MEL
Rethinking Data Collection in the Digital Era: Reflections from the Field and Beyond
AUTHOR:
Jyoti Nayak

Over the past year, I led the design and implementation of a multi-country online survey. The experience was as revealing as it was instructive, not just in terms of the insights we generated, but also in what it taught us about data collection in a digitally fragmented, low-response, and fast-moving policy landscape.

As I reflect on the process, particularly after attending the recent Data User Conference 2025 (organized by the Ministry of Statistics and Programme Implementation, Government of India), one thing stands out: we are in urgent need of a shift in how we think about, produce, and use data.

Designing with Intent, Deploying with Agility

Our online survey was structured around a carefully constructed, multi-choice questionnaire designed to support a broader research framework. The instrument combined ordinal, categorical, and ranking questions, refined through internal expert feedback.

Programming the survey posed its own set of questions—which platform best accommodates our needs, and those of our respondents? After testing multiple platforms for usability, skip logic, and compatibility with question formats, we selected SurveyCTO. The selection was not only based on its interface, but also due to our team's prior experience.

Yet, no matter how sound the technical back-end, user experience and participation became the critical front-end challenges. We faced low response rates—despite targeted outreach, snowball sampling, and multiple reminders—and had to troubleshoot UX issues on mobile devices in real time. These practical frictions reflected a broader theme I later heard echoed at the Data User Conference: data systems today are only as strong as their interface with reality.

Lessons from the Data User Conference: A Call for Responsiveness and Representativeness

What resonated most during the conference was the stark disconnect between what data users need and what current data systems deliver. In one panel, private sector analysts described how, in the absence of quarterly consumption data in India, they were “shooting in the dark,” relying on proxy indicators like vehicle sales and FMCG trends to understand economic behaviour. Calls were made for more real-time, mobile-compatible, and lower-cost data collection methods, particularly in the wake of India’s widespread digital adoption.

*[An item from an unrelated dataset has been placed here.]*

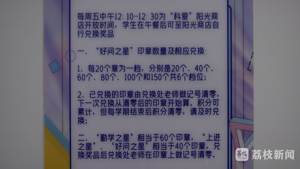 为了更科学和全面评价学生,本学期学校强化了学习的过程性评价,每月评选好问之星、勤学之星、进步之星,获此荣誉的学生可得到一定数量的印章,可以在学校"阳光超市"兑换文具、体育用品等奖品。
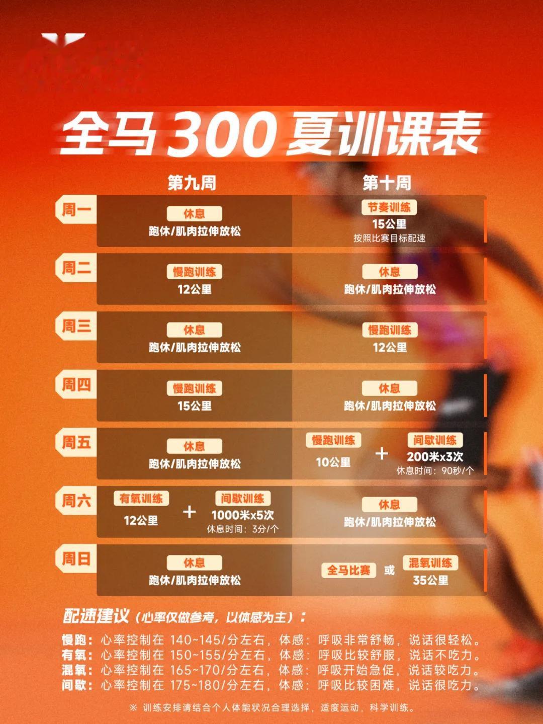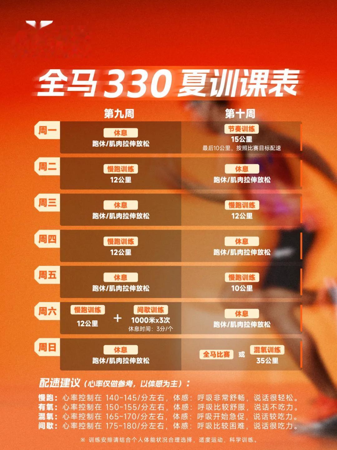 特步跑步始于六月底的10周训练课表,如今进入后期,也是赛前调整期,到了检验训练成果的时候。因此,第9周、第10周的训练负荷相对较低,主要是围绕着比赛或测验,展开赛前调控。

On the producer side, researchers shared the intense challenges of conducting face-to-face surveys—from outdated sampling frames (still based on Census 2011) to field investigator attrition, respondent fatigue, and data inconsistencies across large and diverse geographies. What stayed with me was their appeal for standardization and shared infrastructure, including a unified, regularly updated sample frame, shared tools, and clearer validation benchmarks.

In Frame: Jyoti at the Data User Conference

What HCES Reforms Got Right—and Why They Matter

In this context, the reforms to the Household Consumption and Expenditure Survey (HCES) 2022–24 feel nothing short of transformational. The use of separate survey instruments for food, consumables, and durables to reduce respondent fatigue, along with multiple visits—where each household was visited three times over three months instead of just once—demonstrates a thoughtful shift in survey design. Combined with the adoption of Computer-Assisted Personal Interviewing (CAPI), these changes reflect a deep understanding of the trade-offs between respondent burden, data quality, and operational feasibility.

Equally important were findings that should reshape how we think about online surveys. For instance, the sequence in which questionnaires were administered affected reported consumption, with respondents reporting higher expenditure when asked about consumables first. This speaks directly to question order effects, a nuance we rarely account for in rapid online survey deployments.

HCES also reported low non-response rates and a high degree of reliability, even when respondents changed between visits. This debunks long-held concerns about continuity being essential to data consistency.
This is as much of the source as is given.